Had a beard since graduating from college, Too damn lazy to shave every day. Had to shave while working on oil tankers but it I would stop shaving a week or so before the end of each contract so it was well on its way by the time I got home. Going white on me now.


----------



## HSTurning (Dec 2, 2009)

I'm only 34 but I have had a goatee for about aslong as I have been able to grow one.  I dont have to worry about work as they don't really care.  If I have a meeting I will trim it down but I normally only see a new client 3 or 4 times a year.  
I have not shaved in atleast a month and I know people that would have as much of a beard as I have now if they didnt shave for a week.  Slow growing and patchy.  I shave it off once in a while but the fiancee really dislikes the no facial hair look on me.  She is a couple years older then me and shaved I look 10 years younger.  
In school I thought hair was important, being a headbanger it was (as a kid).  My hair was 1/2 to 3/4's of the way down my back but no facial hair.  In the past 15-18 years I have mixed it all up.  I have shaved my head and left a 6" goatee and gone the otherway right after and kept a short goatee and didnt cut my hair for 30 month and then donated 16" to locks for love (kids with cancer to make wigs).  
Found some grey when i was in my early 20's getting a hair cut.  Left the shop with red dyed hair and for the next 5 years dyed my hair eyebrows and goatee orange, red platinum blonde.  Its hair it grows back so I mixed it up alot. 

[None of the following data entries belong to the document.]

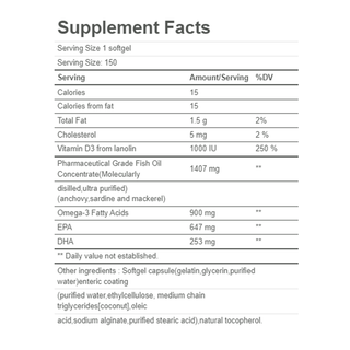 Natural Factors Rx Omega-3 Maximum Triple Strength 900mg With Vitamin D3 150 Softgels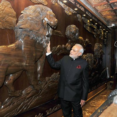 Carrie Gracie asks how far China’s regional and global policy presents an opportunity for economic co-operation or a threat to its neighbours and global partners? Is China - as its leader, Xi Jinping, insists - a 'civilised lion' or will it prove to be a dangerous predator? As the Indian Prime Minister Narendra Modi visits Beijing, we hear the views from inside China and discuss challenges, internal and external, to the country’s global ambition. (Photo: Indian Prime Minister Narendra Modi and Chinese President Xi Jinping at the Big Wild Goose Pagoda in Xi'an. Credit: AFP/PIB)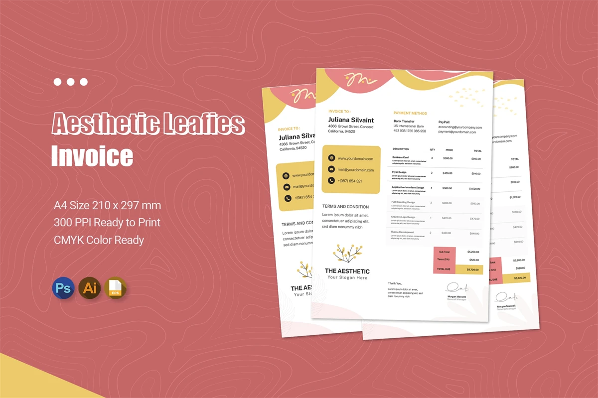 Use our invoices to make your bookkeeping easier and to impress your clients with an invoice display that has a modern, elegant design and strong typography. This invoice template is easy to use and customizable, making it perfect for any medium.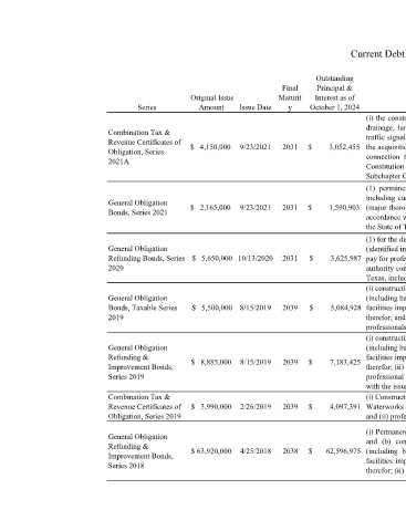 Current Debt Issuances Self- Supporting? Purpose of Debt including streets, improving and constructing wit: to works, public of construction the (i) signage, sidewalks, gutters, curbs, walls, retaining streetscaping, landscaping, drainage, and thereto incidental relocation system utility abatement, noise street signalization, traffic Yes in rendered services professional (ii) and therefor rights-of-way and land of acquisition the the with conformity in and by conferred authority to pursuant therewith, connection Code, Government Local Texas including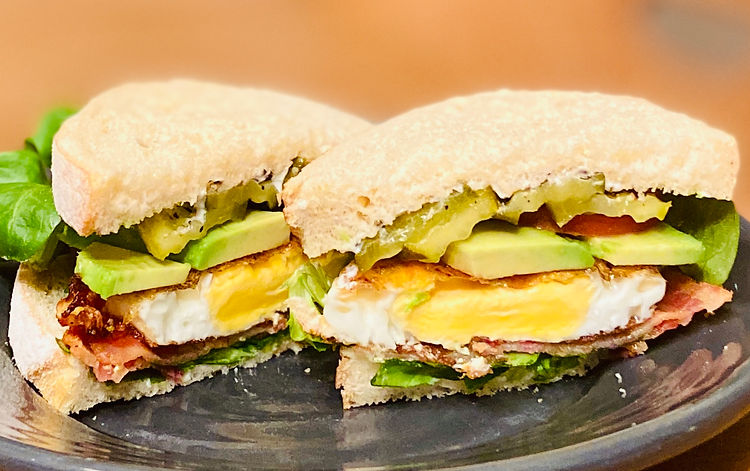 Stek bacon och ägg. Rosta bröd. Skiva tomat, rödlök och avokado. Dela några sallatsblad. Bred majonäs eller gräddfil på brödet. Lägg på påläggen och även smörgåsgurka eller saltgurka. Om mackan blir hög kan man sticka igenom grillpinnar för att hålla ihop den. Dela på mitten och hugg in!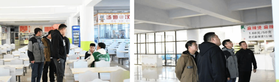 2025年的10月26日,道桥工程学院26届毕业生陆续返校。为切实保障师生在校生活质量,筑牢校园安全与服务防线,学院全体领导班子成员带领毕业生辅导员深入学苑校区,了解学生住宿情况和食物安全,实地走访学生寝室和食堂,以“实地查看和现场交流”的形式,开展全方位、深层次的实地检查与走访工作,把关怀与服务落到校园生活的每一处角落。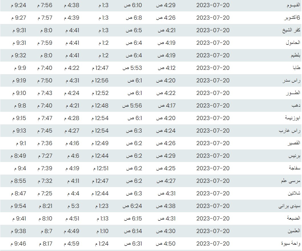 مواقيت الصلاة اليوم بتوقيت أسيوط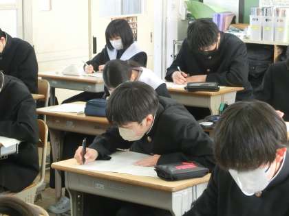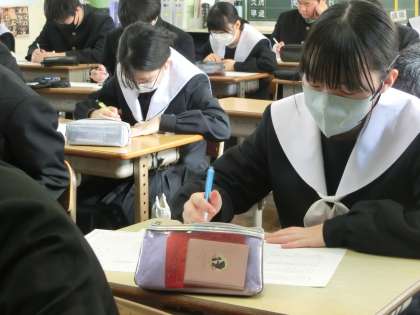 2週間後に実施予定の義務教育最後のテストとなる「確認テスト」に向けて、様々な問題にチャレンジしています。もちろん入試対策も兼ねたこのテスト。本番前の力試しとして、自然と力が入ります。

If I could grow a good full beard I think I owuld have one and keep it.  If I could get past the month or so of itching.


----------



## Jon-wx5nco (Dec 2, 2009)

I started a beard in the middle of October and shaved it off on Wednesday November 25th  I will start to grow it back on Christmas day.  No reason why to choose that day, but I wanted to be clean shaven for the holiday pics.


----------



## bobskio2003 (Dec 2, 2009)

Well I have never shaved (trimmed yes) because what I found is that my hair has settled over the years.  So in other words, I'm a little thin on top because it is all growing out the bottom of my head.
And because I like the bed I sleep in, I'm not allowed to shave it (even if I wanted to - which I don't because it gets too darn cold up here).  Bob I.


----------



## NewLondon88 (Dec 2, 2009)

Daniel said:


> I should be a full beard sort since I hate shaving every day



I still have to shave every day, just not all over. The stuff at the edges of
the beard shreds the collars of shirts and neckties.


----------



## Paul in OKC (Dec 2, 2009)

Dad wouldn't let me have one while living at home. Pretty much had one for over 30 years. Shaved it off once or twice, but not in the last 15+ years. My wife has never seen me clean shaven! Did do the gotee thing for about 3 months a few years ago. Liked it, but I am too lazy to keep even that bit of shaving up! People don't believe it, but it is cooler on my face in the summer, and naturally warmer in the winter.


----------



## MesquiteMan (Dec 2, 2009)

jkeithrussell said:


> Tough words, from a beardless man.


 
I have a goatee and mustache!  Although, last night I decided to do something different and shaved it all off.


----------



## wolftat (Dec 2, 2009)

MesquiteMan said:


> I have a goatee and mustache! Although, last night I decided to do something different and shaved it all off.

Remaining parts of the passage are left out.